The data on the maternal age, self-reported ethnicity, body mass index (BMI), smoking, chronic comorbidities (pregestational diabetes, chronic hypertension, heart disease [valvular, arrhythmia, or cardiomyopathy] and bronchial asthma), gestational age at diagnosis, number of fetuses, and hospitalization were collected. When available, the complete blood count (CBC) and C-reactive protein (CRP) assessment at the time of diagnosis were also collected. We did not collect the data related to gestational diabetes owing to a variability in screening and diagnosis between the centers. The candidate variables were selected among the factors with known or plausible associations with severe COVID-19 in pregnant and nonpregnant adult populations.

The primary outcome was progression to critical illness requiring intensive care unit (ICU) admission. The secondary outcomes were maternal death, preeclampsia, and stillbirth. Preeclampsia was defined according to the revised criteria of the International Society for the Study of Hypertension in Pregnancy 2014 Statement; hypertension was defined as new-onset systolic blood pressure ≥140 mm Hg and/or diastolic blood pressure ≥90 mm Hg on 2 occasions more than 24 hours apart. Proteinuria was defined as a protein/creatinine ratio ≥30 mg/mmol or a 24-hour urine collection of ≥300 mg per 24 h. Stillbirth was defined as fetal death at or beyond 24+0 weeks’ gestation.

A prediction model was developed and reported as a Type 1b analysis, which uses all the available data for model building with interval validation procedures, as per the transparent reporting of a multivariable prediction model for individual prognosis or diagnosis statement. This is the preferred method of prediction model building when the sample size does not allow dataset partitioning. Moreover, some authors have proposed that the transparent reporting of a multivariable prediction model for individual prognosis or diagnosis 1b analysis is the preferred method of model building regardless of the sample size. Our sample size was 690 women selected based on the following: the need for intensive care in 8.7% of pregnant women with COVID-19, having at least 10 patients with the primary outcome per tested variable, and the ability to test at least 6 variables (50% of the candidate pool) at the same time in a multivariable model. The literature suggests at least 10 adverse outcomes per tested variable to avoid model overfitting. ,

Ethics approval was obtained from the Koç University Institutional Review Board (approval number 2021.264.IRB1.089), which allowed the use of anonymized patient data without individual consent. Approvals were also obtained from the National Health Services Health Research Authority, the University of Vienna (2306/2020) and the University of Athens. The participating centers were Attikon University Hospital (Athens, Greece), Koç University Hospital (Istanbul, Turkey), Medeniyet University Hospital (Istanbul, Turkey), Prof Dr Cemil Tascioglu City Hospital (Istanbul, Turkey), Sancaktepe Education and Research Hospital (Istanbul, Turkey), St. George’s University Hospital (London, United Kingdom), and Vienna University Hospital (Vienna, Austria). All are tertiary care facilities with advanced life-support capabilities. The number of cases collected from each center, and previous publications, including the cases from each center, are summarized in Supplemental Table 1.

Statistical analysis

The continuous variables are presented as mean and standard deviation or median and interquartile range according to the distribution characteristics. The distribution of continuous variables was assessed with quartile-quartile plots, skewness, and kurtosis values. Group comparisons were made using the t test, Wilcoxon signed rank test, chi-squared test, or Fisher exact test where appropriate.

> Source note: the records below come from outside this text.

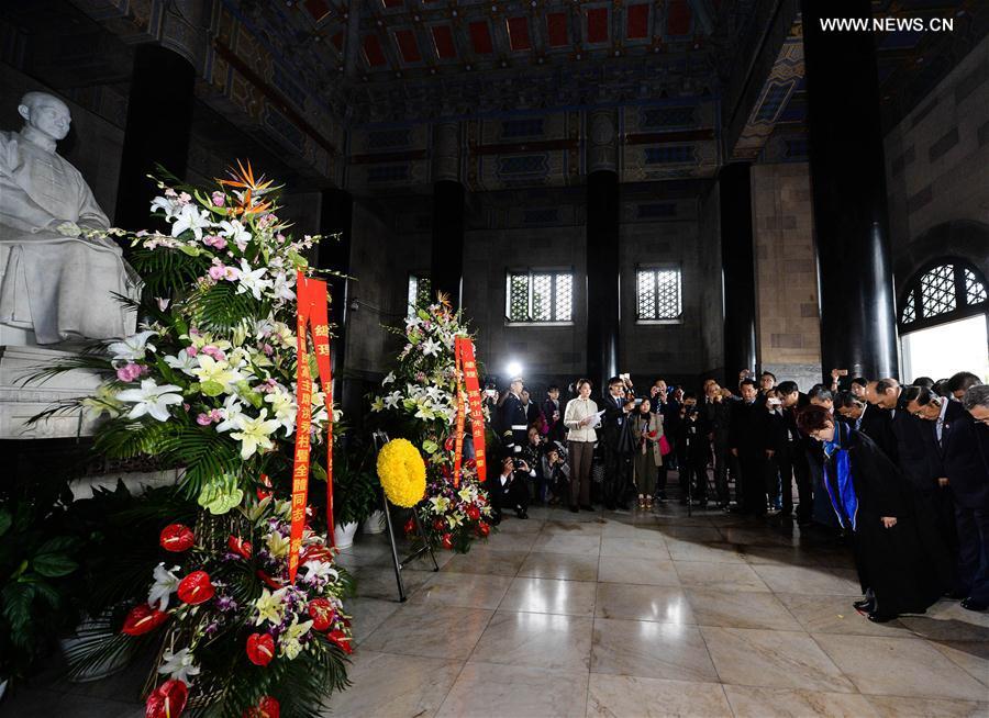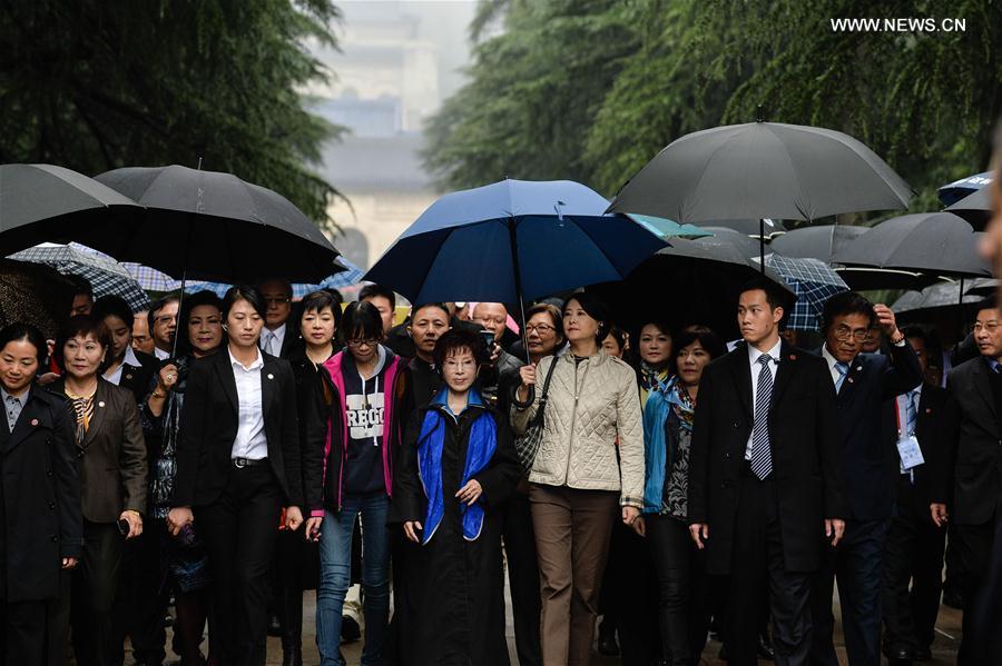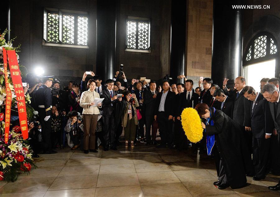 Hung Hsiu-chu (C, front), leader of the Kuomintang (KMT) Party, visits the Sun Yat-sen Mausoleum in Nanjing, capital of east China's Jiangsu Province, Oct. 31, 2016. Hung, who headed a delegation from Taiwan, paid tribute to KMT founder Sun Yat-sen at his mausoleum in Nanjing Monday. (Photo/Xinhua)
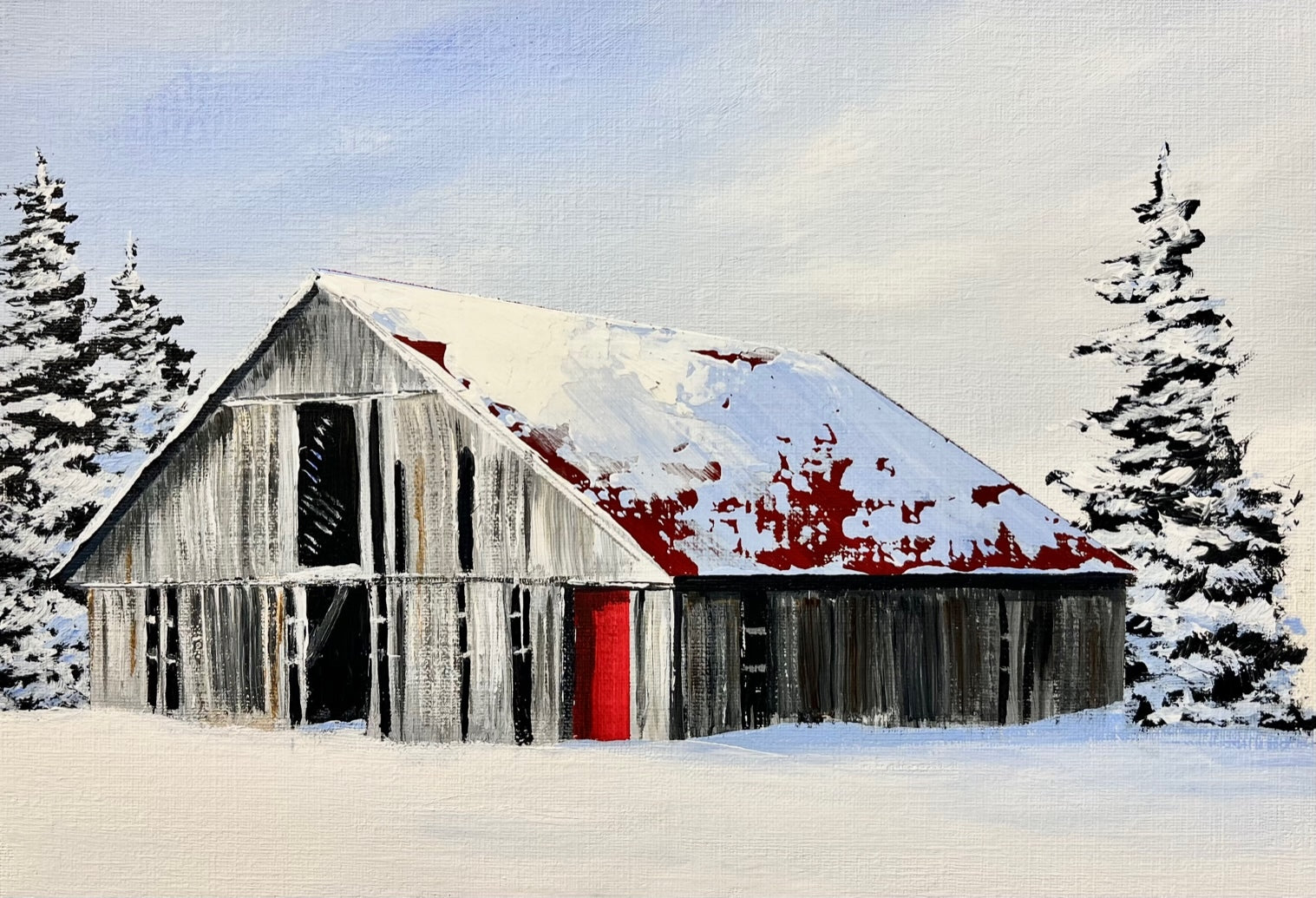 This beautiful winter barn can be painted in just a few hours. It is a 9x12" acrylic painting that even a beginner can finish. I will show you step by step how to complete this beauty and teach you a few tricks of the trade to accomplish that beautiful barnboard finish. Lots of brushes, palette knives and paint are included in this kit. Everything you need is included to complete the painting. Barns are one of my "signature" paintings and I love sharing with you how I paint these beautiful, historic buildings.
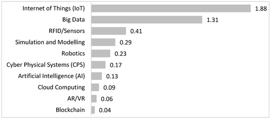 Figure 5 illustrates the 10 most frequently mentioned Industry 4.0 technologies and concepts, namely the Internet of Things (IoT), big data, RFID and sensors, simulation and modelling, robotics and cyber-physical systems (CPS). Other enablers of Industry 4.0 include cloud computing as one basic technology, artificial intelligence (AI), augmented and virtual reality (AR/VR) and blockchain technology. The dominance of the big data concept within the fashion discourse is not surprising, considering the fact that the use of RFID and sensors in CPS or IoT environments would logically generate a vast amount of data that require advanced techniques for their storage, processing and analysis [60,61,62].
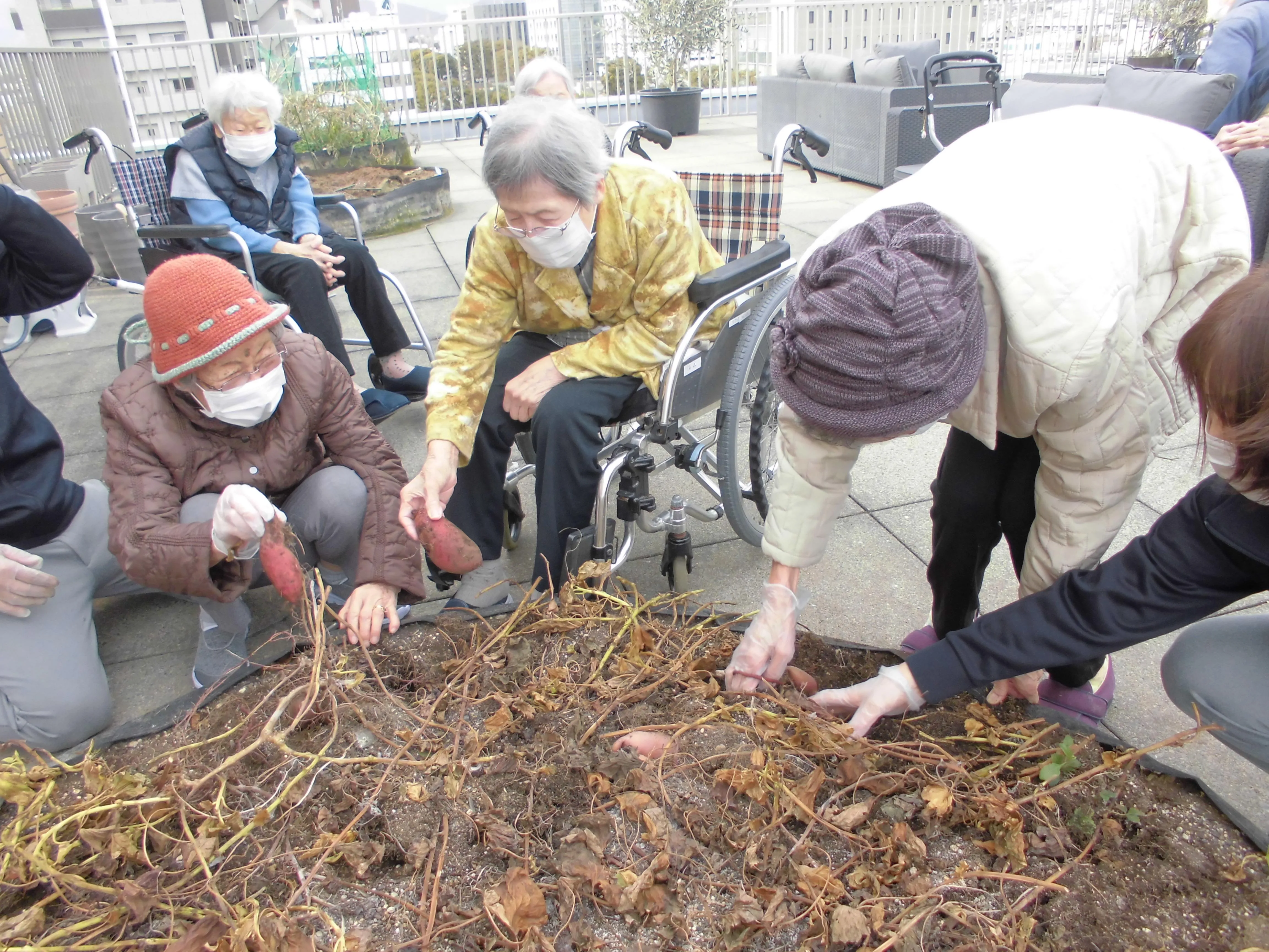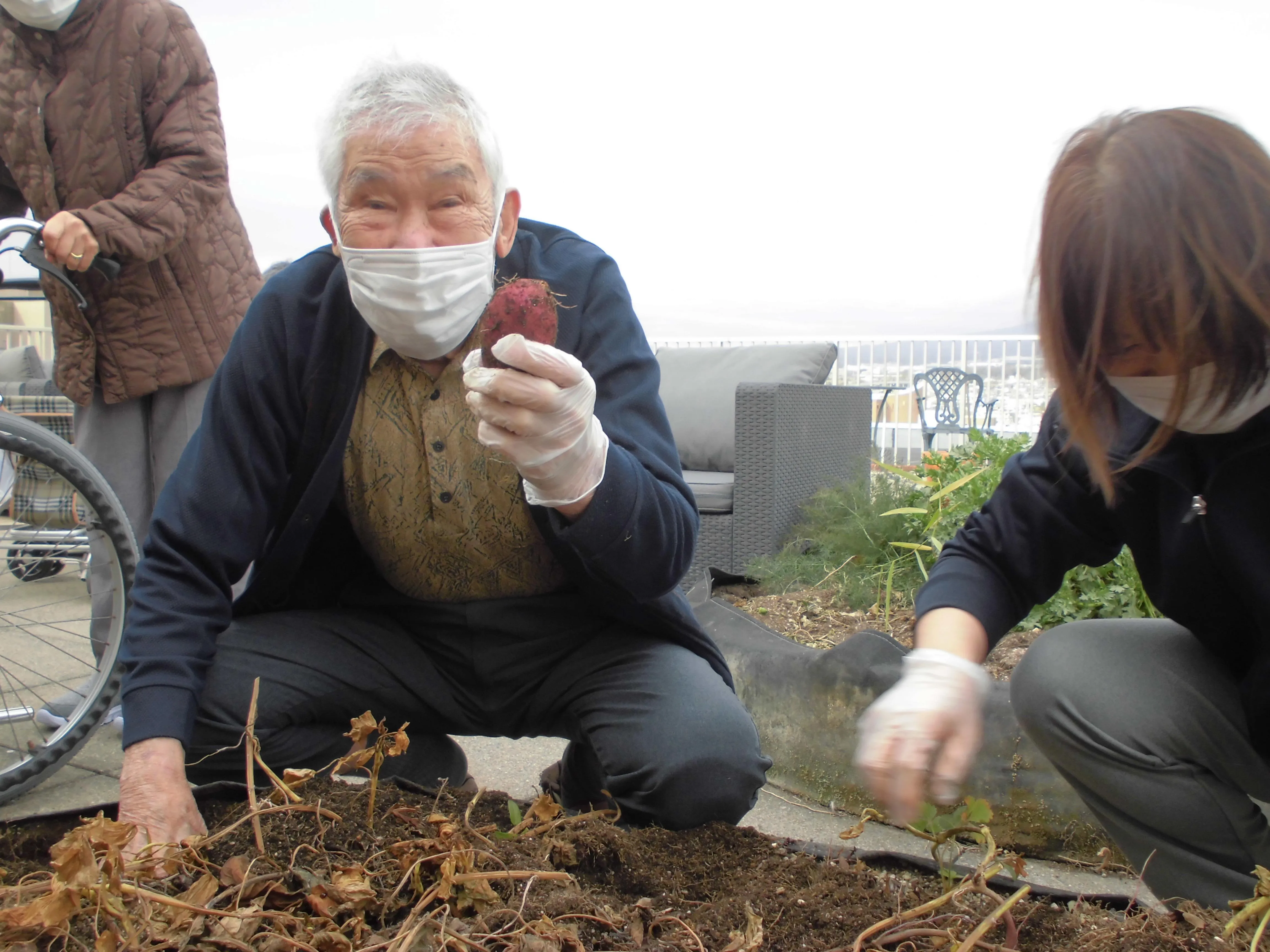 今日はスタッフとお客様とで、お芋掘りを行いました。
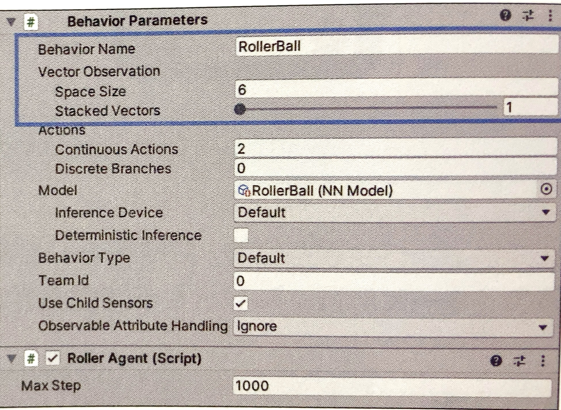「Unity ML-Agents」の基本データ型(浮動小数配列)の「観察」は、「Behavior Parameters」の「Vector Observation」で設定します。 それ以外にも各種センサーを使って、画像やレイキャストなど別形式の情報を「観察」として使用できます。
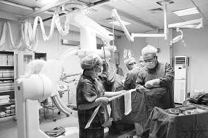 “接下来我们要进行造影术。”冉华中接着介绍,现在他们开展最成熟的手术是造影术和支架手术,造影术是诊断术,是把造影导管插入心血管,注入液态状的造影剂,“这样,X光机穿不透造影剂,心血管就能非常明显地显现出来。血管哪里堵塞、哪里狭窄,一目了然。根据反映出的血管图像,我们再决定是否下支架。”

The effect size was reported as mean, median difference, or odds ratio and 95% confidence intervals (CI). The association of variables with ICU admission was analyzed with log-binomial mixed-effects regression and was reported as adjusted risk ratio (aRR). The risk estimates in the regression were reported for one standard unit change in the respective variables. Random intercepts were used to account for study center-level variance.

Prediction models were built using generalized linear models using the logit link function. Two predictive models were constructed from the candidate predictors associated with more severe COVID-19 during or outside pregnancy. The first model used demographic and clinical variables available at disease onset (COvid Maternal Intensive Therapy [miniCOMIT]). The second model used all the variables, including those from investigations in hospital (fullCOMIT). The models were built using the complete case data for each data set (full and laboratory parameters available) while ensuring that the proportion of omitted cases did not surpass 1% of all the available cases in each dataset. Akaike Information Criterion was used to assess the model fit and meaningful improvements at each model iteration. The linearity assumptions were tested using the Box-Tidwell test, and the nonparametric transformation of continuous scale variables was tested for model improvement. The predictive capabilities and change in model fit were considered during the addition or subtraction of a variable. We aimed to achieve the most parsimonious model without sacrificing the predictive capability or goodness of fit using calibration curves. The predictive capabilities were assessed by the area under the receiver operating characteristic curves (AUROC). Optimism-adjusted AUROC values were obtained with repeated k-fold cross-validation. The predictive accuracy measures, including sensitivity, specificity, positive predictive value, negative predictive value, and the positive and negative likelihood ratios (LR) were reported.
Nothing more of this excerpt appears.